## What is required
Each line below from the "C | Ø buis | |" line through the "Biswas介绍了该校的麦克唐纳学院全球能源与环境合作伙伴项目(McDonnell Academy Global" line, those two included, must be restated word for word; the pictures must not be.

## Listed entries
*** Block opens ***
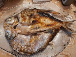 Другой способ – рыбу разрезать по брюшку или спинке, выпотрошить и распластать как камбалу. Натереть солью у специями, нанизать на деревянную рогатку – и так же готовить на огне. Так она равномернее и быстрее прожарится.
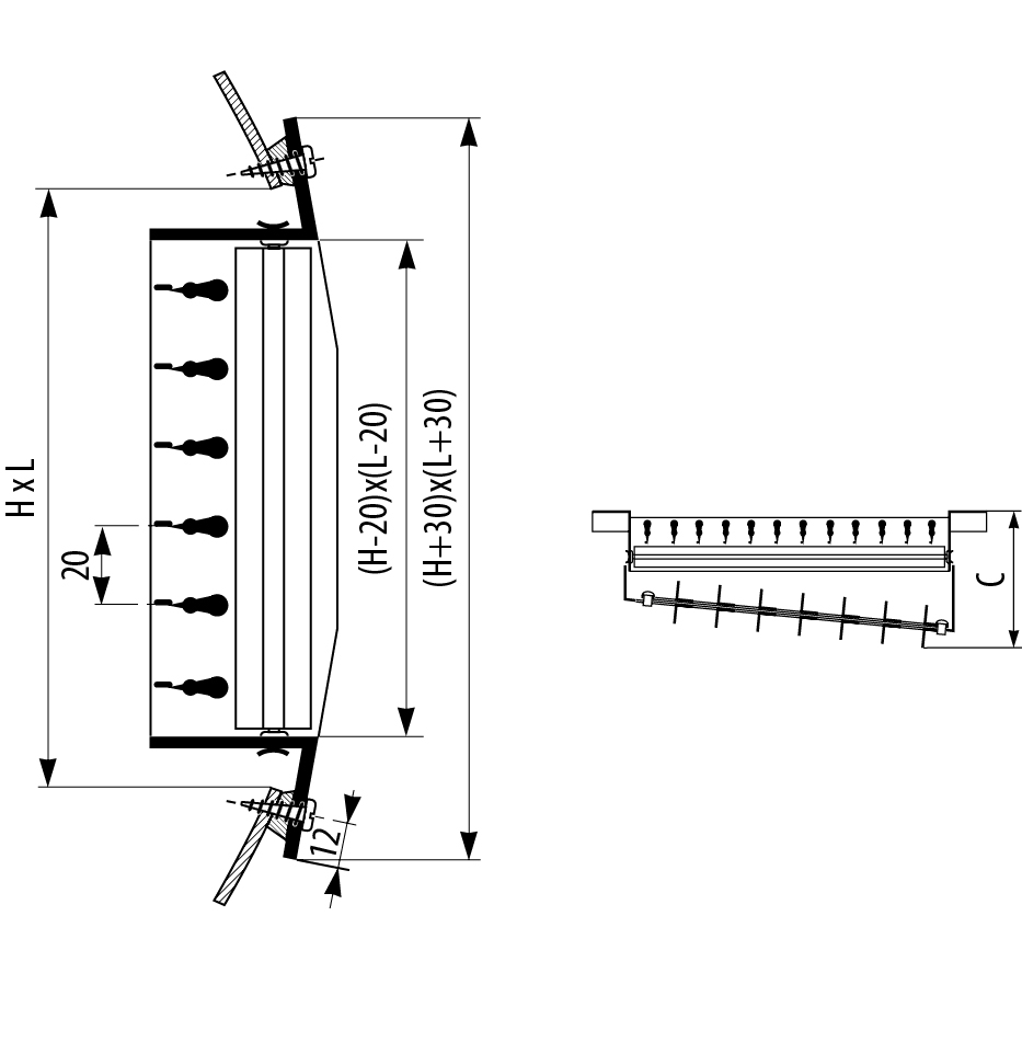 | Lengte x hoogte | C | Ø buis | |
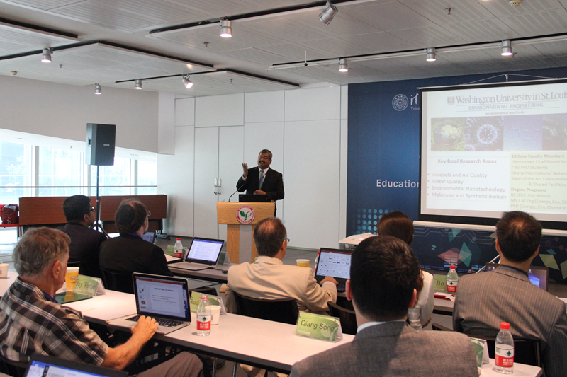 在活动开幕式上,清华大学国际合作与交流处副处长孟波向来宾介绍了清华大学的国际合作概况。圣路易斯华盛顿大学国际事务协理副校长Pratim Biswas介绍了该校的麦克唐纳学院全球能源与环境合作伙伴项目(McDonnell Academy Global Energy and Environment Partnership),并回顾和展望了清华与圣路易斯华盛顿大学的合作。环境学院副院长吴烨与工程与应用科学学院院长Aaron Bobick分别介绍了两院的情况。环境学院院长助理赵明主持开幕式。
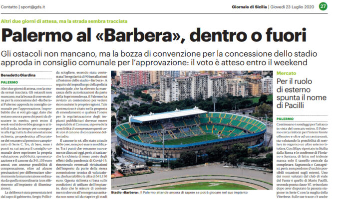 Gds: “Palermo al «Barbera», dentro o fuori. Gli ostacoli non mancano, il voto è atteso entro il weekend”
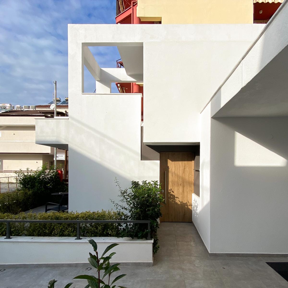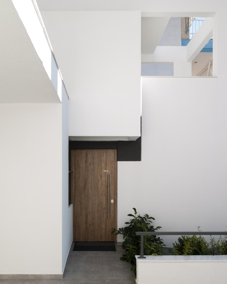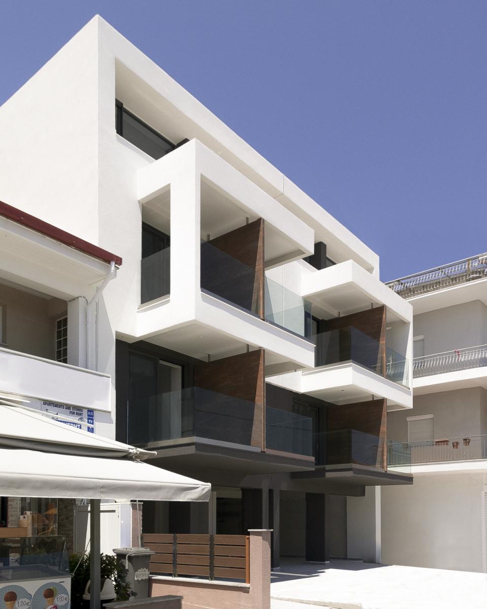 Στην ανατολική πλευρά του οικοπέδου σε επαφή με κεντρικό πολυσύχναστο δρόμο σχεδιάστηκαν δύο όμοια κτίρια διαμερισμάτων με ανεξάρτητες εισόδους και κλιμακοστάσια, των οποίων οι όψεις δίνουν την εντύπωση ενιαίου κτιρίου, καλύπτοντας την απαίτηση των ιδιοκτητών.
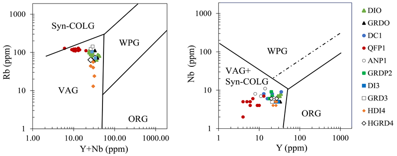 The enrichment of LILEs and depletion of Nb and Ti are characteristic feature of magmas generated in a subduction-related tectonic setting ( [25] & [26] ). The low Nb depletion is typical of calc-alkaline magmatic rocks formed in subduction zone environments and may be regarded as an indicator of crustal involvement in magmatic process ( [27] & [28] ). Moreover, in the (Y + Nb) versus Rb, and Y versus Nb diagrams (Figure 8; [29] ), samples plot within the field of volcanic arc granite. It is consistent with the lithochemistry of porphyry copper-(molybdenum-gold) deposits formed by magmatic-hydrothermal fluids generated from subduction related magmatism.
*** Block closes ***
*** Block opens ***
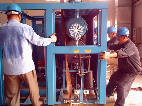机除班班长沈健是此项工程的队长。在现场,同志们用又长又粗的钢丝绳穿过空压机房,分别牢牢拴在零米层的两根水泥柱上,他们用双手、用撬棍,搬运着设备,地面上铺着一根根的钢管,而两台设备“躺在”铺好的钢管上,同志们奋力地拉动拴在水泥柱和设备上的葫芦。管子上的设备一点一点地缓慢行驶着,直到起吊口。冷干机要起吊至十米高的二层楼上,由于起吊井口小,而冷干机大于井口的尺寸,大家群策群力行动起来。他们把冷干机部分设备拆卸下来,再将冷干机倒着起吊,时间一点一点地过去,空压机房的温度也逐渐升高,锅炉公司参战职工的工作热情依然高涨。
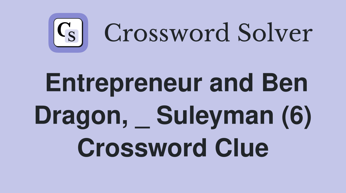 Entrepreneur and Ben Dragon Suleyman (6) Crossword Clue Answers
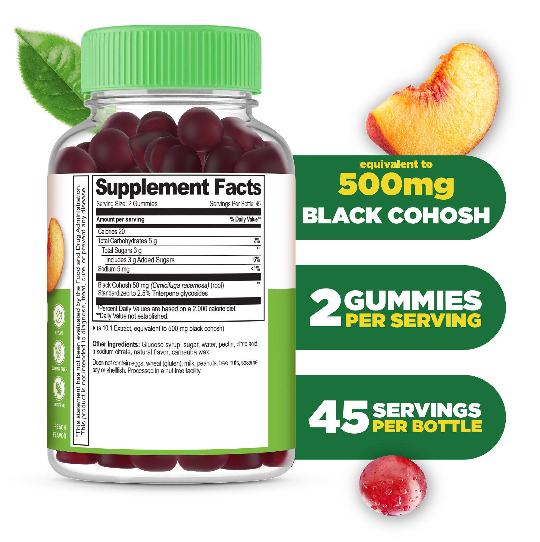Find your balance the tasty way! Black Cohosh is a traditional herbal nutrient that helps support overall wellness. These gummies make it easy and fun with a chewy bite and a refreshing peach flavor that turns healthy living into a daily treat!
*** Block closes ***
## Expected answer
 | Lengte x hoogte | C | Ø buis | |
 在活动开幕式上,清华大学国际合作与交流处副处长孟波向来宾介绍了清华大学的国际合作概况。圣路易斯华盛顿大学国际事务协理副校长Pratim Biswas介绍了该校的麦克唐纳学院全球能源与环境合作伙伴项目(McDonnell Academy Global Energy and Environment Partnership),并回顾和展望了清华与圣路易斯华盛顿大学的合作。环境学院副院长吴烨与工程与应用科学学院院长Aaron Bobick分别介绍了两院的情况。环境学院院长助理赵明主持开幕式。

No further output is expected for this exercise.